Response: In July of 2017, the Company agreed to settle the Chamblee matter for $14.75 million contingent upon the Company’s insurers funding $13.625 million of such settlement amount, with the remaining $1.125 million to be funded by the Company out of its own funds. We recorded a probable loss of $1.1 million in our 10-K for the Fiscal Year Ending December 31, 2016. The settlement agreement was a subsequent event that provided clarity to a loss contingency that existed as of the end of the reporting period, thus, we further evaluated whether we meet the probable loss criteria in ASC 450-20 and the amount of probable loss that should be recorded for the year-ended December 31, 2016.

The amount of probable loss represents the portion that the Company has agreed to fund out of pocket to fully settle the litigation. As of the financial statement issuance date, there was neither an executed agreement with, nor another form of commitment from, the insurers for them to fund their part of the settlement. If such funding cannot ultimately be obtained, the Company does not intend to settle the claim for the $14.8 million and instead will continue to litigate and vigorously defend our position. Thus, management believes that entering into a conditional settlement agreement does not create a legal obligation for us to settle the matter at the stated amount before the condition is met. The settlement agreement also does not constitute an admission of guilt or wrong doing. For accounting purposes, under ASC 450-20, the extension of an offer to settle a litigation creates a presumption that a loss has been incurred and the presumption may be overcome when there is persuasive evidence. In this case, the only firm settlement offer made by the Company was for the $1.1 million it had agreed to pay from its own funds. We believe that a probable loss only existed in the amount of the out-of-pocket contribution as it establishes the low-end range of what we are willing to pay to settle the litigation. The remainder of the settlement offer amount did not meet the probable loss criteria in ASC 450-20 as of the date the financial statements were issued and instead is considered a reasonably possible loss due to the insurance recovery condition precedent coupled with the representation that the matter would be fully litigated if we do not receive insurance recovery.

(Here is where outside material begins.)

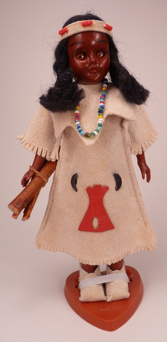 This is a Carlson Nez Perce princess doll. There is also a version of her with a dark brown and red dress. According to the catalog, she is the Nez Perce Princess. To the right is the Nez Perce Princess which appearsin the catalog. Note the similar costumes.

Once we receive formal commitments from the insurers to fund their share of the settlement, which has not been received to date, we will record the probable loss along with the probable insurance recovery on a gross basis in accordance with ASC 210-20-45-18, which states, “If an entity has recognized insurance or other recoveries related to its loss contingencies, the potential recovery amounts shall not be netted (offset) against amounts accrued for loss contingencies.”

20. RELATED PARTIES, page 208






Securities and Exchange Commission
October 11, 2017
Page 12 of 16

14.
Comment: We note your page 36 disclosure that the “fees of substitute service providers or the costs of performing all or a portion of the services ourselves are likely to be substantially more than the fees that we would pay under” the master services agreement with your sponsor. Since agreements with related parties are by definition not at arm’s length and may be changed at any time, please ensure you disclose, when practicable, management’s estimate of what your expenses would have been on a stand-alone basis, that is, the cost that would have been incurred if you had operated as an unaffiliated entity. Please provide this disclosure for each year for which a statement of operations was required when such basis produced materially different results. See SAB Topic 1.B.1.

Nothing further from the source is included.